# What you will do
Copy out the data below from the line containing "New Women's 100%" to the line containing "perros y dueño.", both lines included, with all images left out.

# Data shown
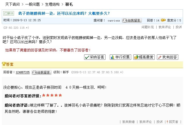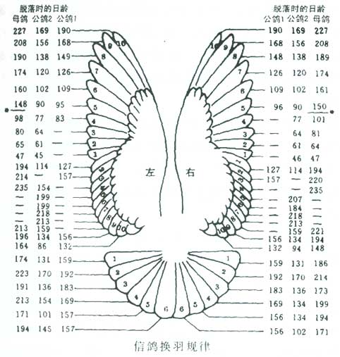 楼主自己慢慢学吧, 请注意,对图看你的鸽子掉的是那几羽大条...... 留意看每羽大条替换,需要时间的多少....... 另:非正常脱落的羽毛,生长的速度会比正常替换的快些...... 如果楼主来论坛学习, 本人愿意交流, 如果您是来发泄的, 就请您自娱自乐吧(本人绝不再跟贴)......
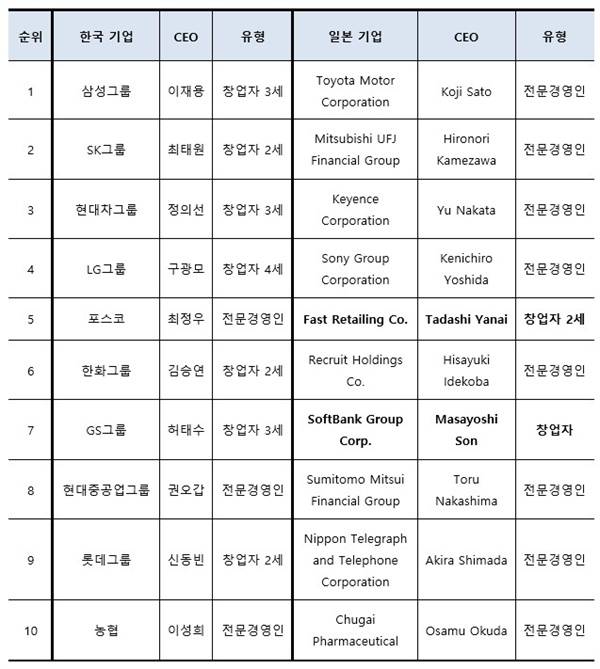 | ▲ 한일 10대기업 CEO |
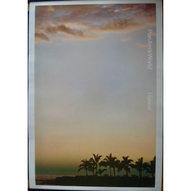 Ultra rare vintage Pan American Airlines poster designed by Ivan Chermayeff advertising flights to Hawaii with a superb sunset image. Poster is linen backed
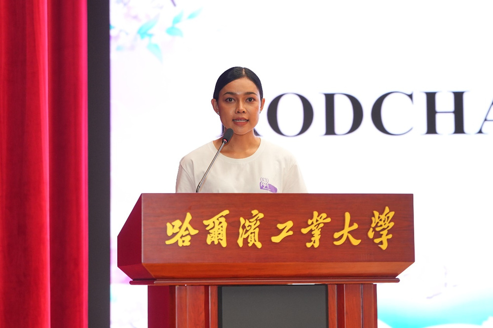 2025级硕士研究生泰国籍RODCHAROEN SAINAMPUENG谭海月作为新生代表发言。曾以汉语进修生身份走进哈工大的她,如今以工商管理专业研究生的新身份重返校园。她分享了自己在汉语学习中收获的“天道酬勤”等中国智慧,讲述了自己在哈尔滨的生活和学习感受。她表示,中泰友谊如两棵根系相连的大树,在哈工大的求学岁月中,她将扎根中文、深耕专业、汲取中国文化,让个人的梦想之树枝繁叶茂,为这片友谊森林再添新绿。
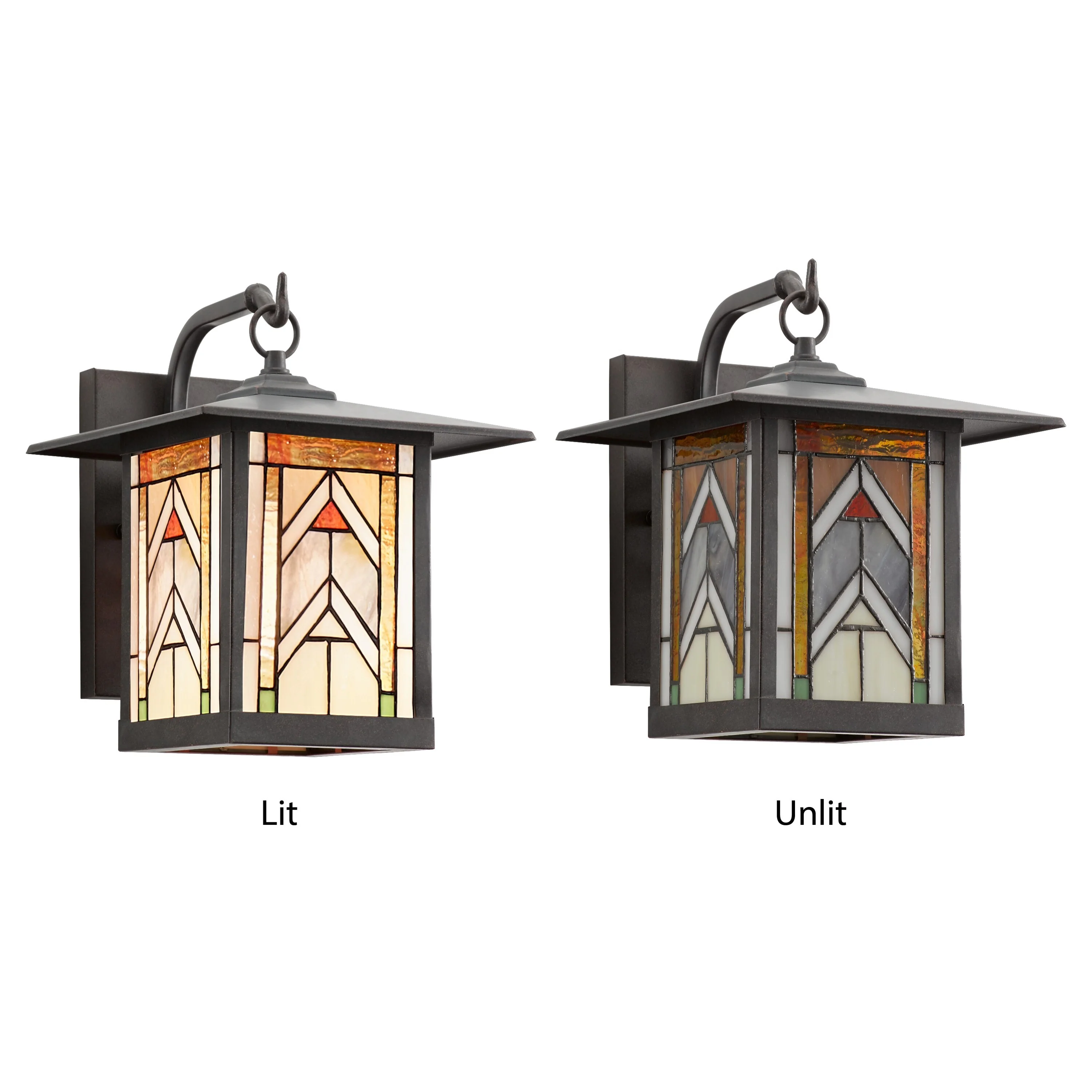 River of Goods Terracotta Stained Glass and Oil Rubbed Bronze 1-Light Outdoor Lantern Wall Sconce - 10.75" x 9" x 11.75"
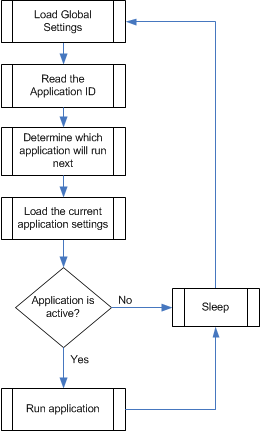 The flowchart below provides a basic overview of how this process works on each voice port that has been assigned the Patient Reminder application. By cycling through the applications in this fashion, each application is guaranteed equal access to the voice lines to make calls in a timely fashion.
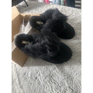 New Women's 100% UGG Scuff Sis Fluffy Fuzzy Slipper Sandals Shoes Black Size 10
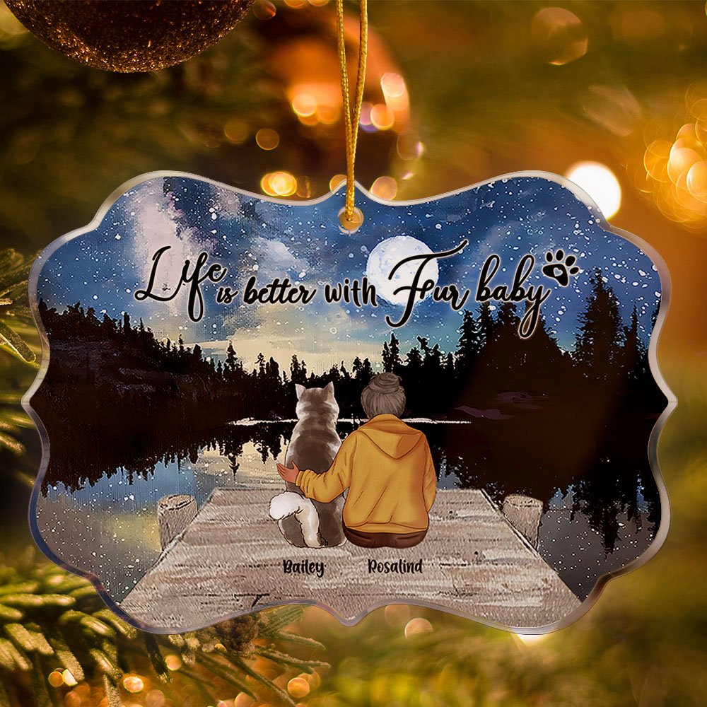 El mensaje "Life Is Better With Fur Baby/Babies" está bellamente impreso en el adorno, recordando los buenos momentos compartidos entre perros y dueño.
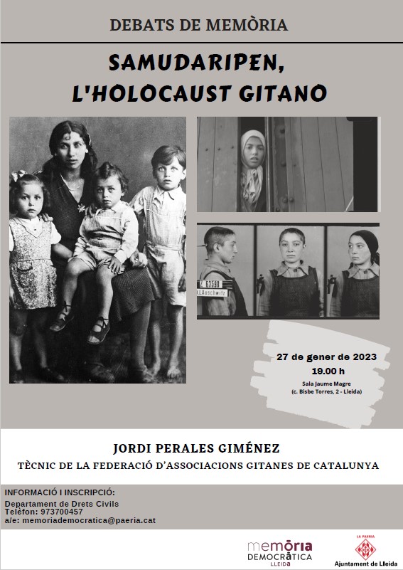 Demà divendres també tindrà lloc la conferència “Samudaripen, l’Holocaust gitano”, a la sala Jaume Magre, a les 19 h. (c/ Bisbe Torres, 2). El dia 27 de gener es commemora el Dia Internacional en Memòria de les Víctimes de l’Holocaust. Per tal motiu, Memòria Democràtica ha organitzat aquesta conferència al voltant del genocidi que van patir els gitanos. La història del poble gitano està plena de persecucions i intents d'extermini. La culminació de segles de persecució va ser durant la Segona Guerra Mundial quan el règim nazi i els seus aliats van començar una tasca d'extermini total de la població gitana i jueva. En la conferència s’explicaran els antecedents, les teories racials nazis, la situació de la població gitana europea durant la primera meitat del segle XX, les conseqüències de l'intent d'extermini i la lluita del poble gitano per ser reconeguts com a víctimes del genocidi que no es va completar fins a principis de segle XXI, fa només unes dècades.
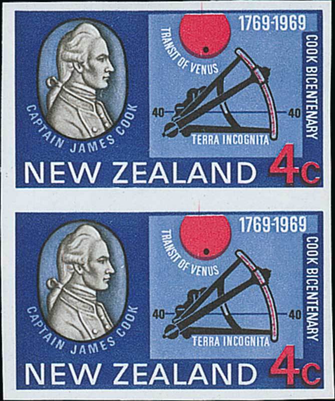 1969 (Oct.) Bicentenary of Cook's Landing, 4c. vertical pair, variety imperforate, fine unmounted mint. C.P. S122a(Y), $975; S.G. 906a, £425. Photo
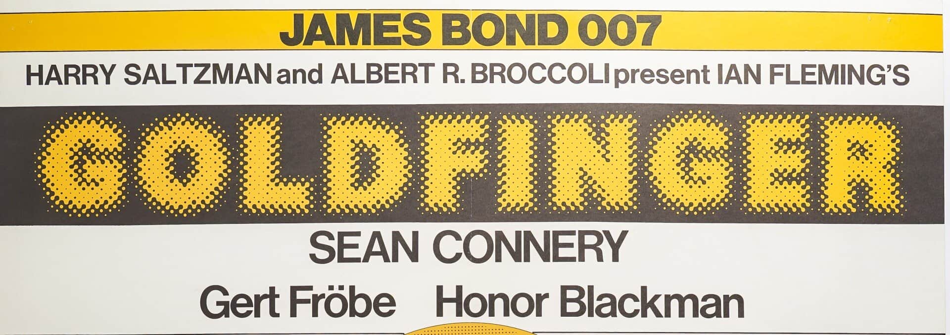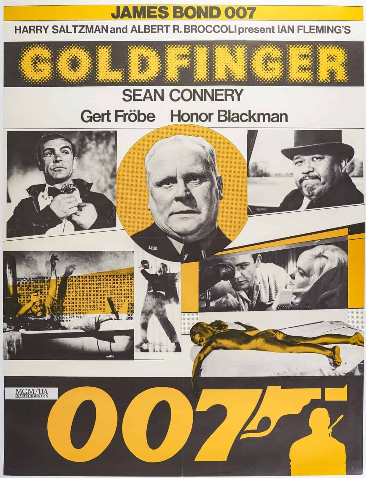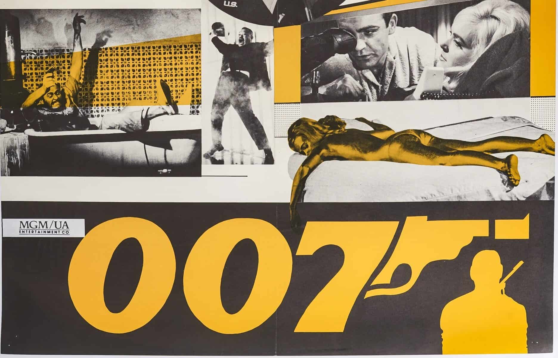 – ainsi que plusieurs scènes emblématiques : une femme entièrement recouverte d’or, un combat, une baignoire, et Bond aux côtés d’une femme.
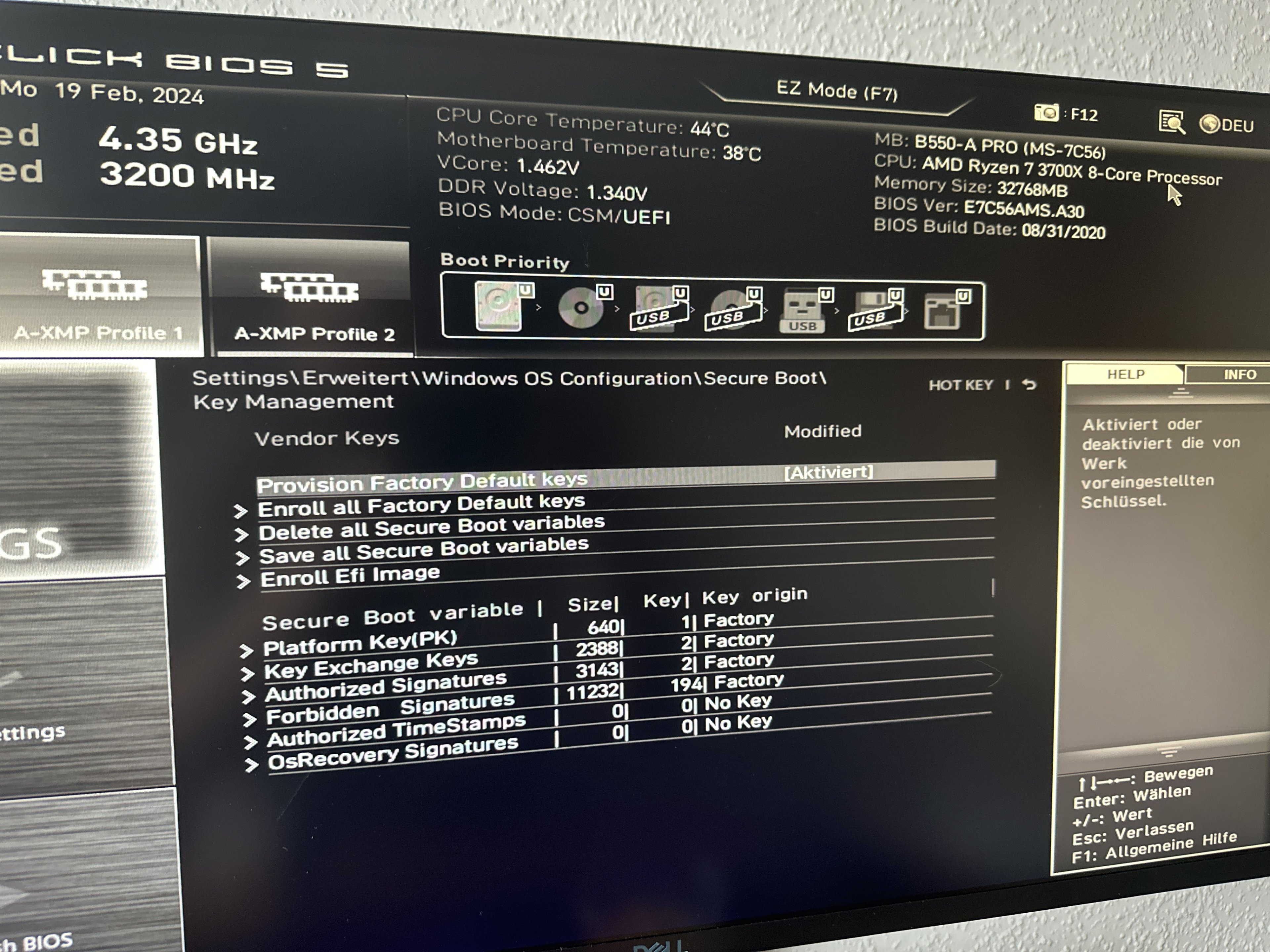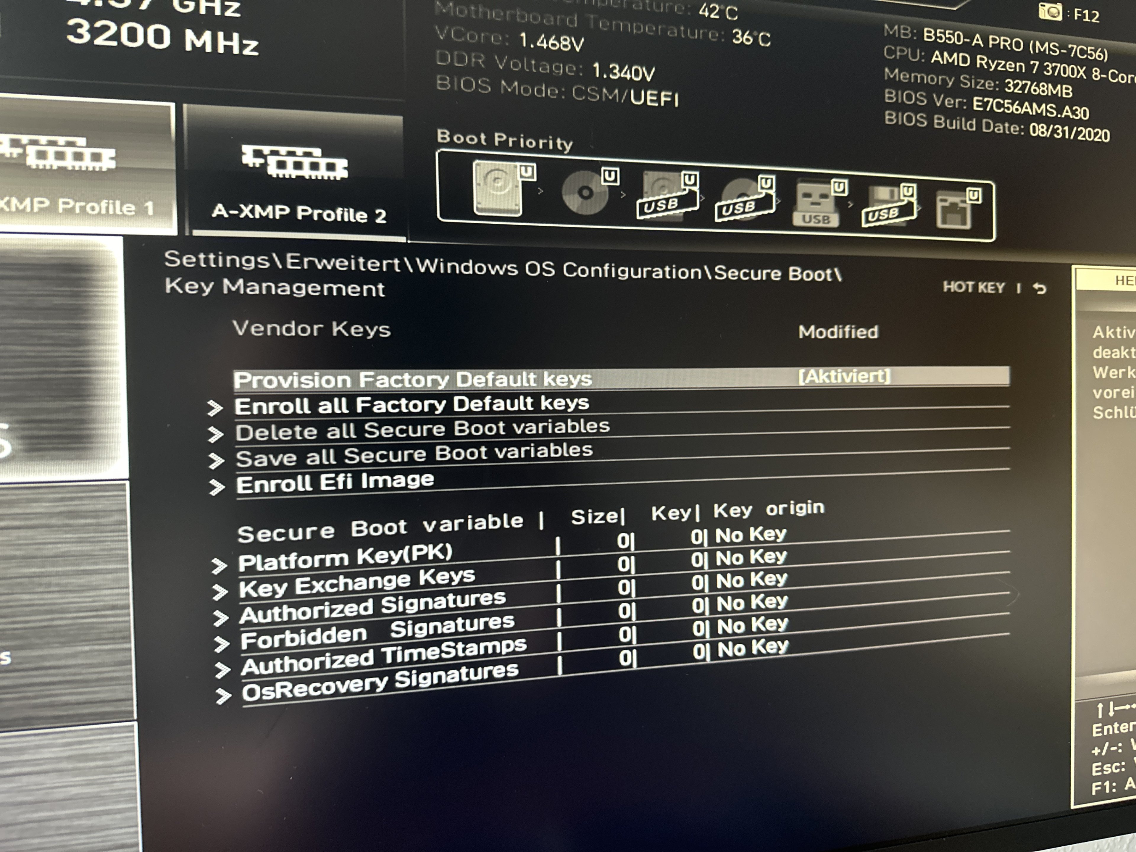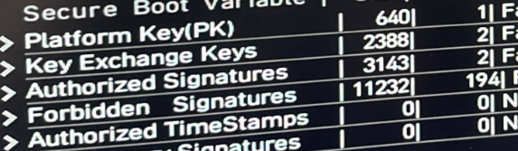 Startet leider nicht (s. Bild und Keys zusätzlich enrollt) - lasse ich es "deaktiviert"; aber auf "Custom" lädt es und startet wie gewöhnlichcvzone schrieb:Dann mal den Secure Boot Modus von "Standard" auf "User" stellen versuchen.

# Expected output
 New Women's 100% UGG Scuff Sis Fluffy Fuzzy Slipper Sandals Shoes Black Size 10
 El mensaje "Life Is Better With Fur Baby/Babies" está bellamente impreso en el adorno, recordando los buenos momentos compartidos entre perros y dueño.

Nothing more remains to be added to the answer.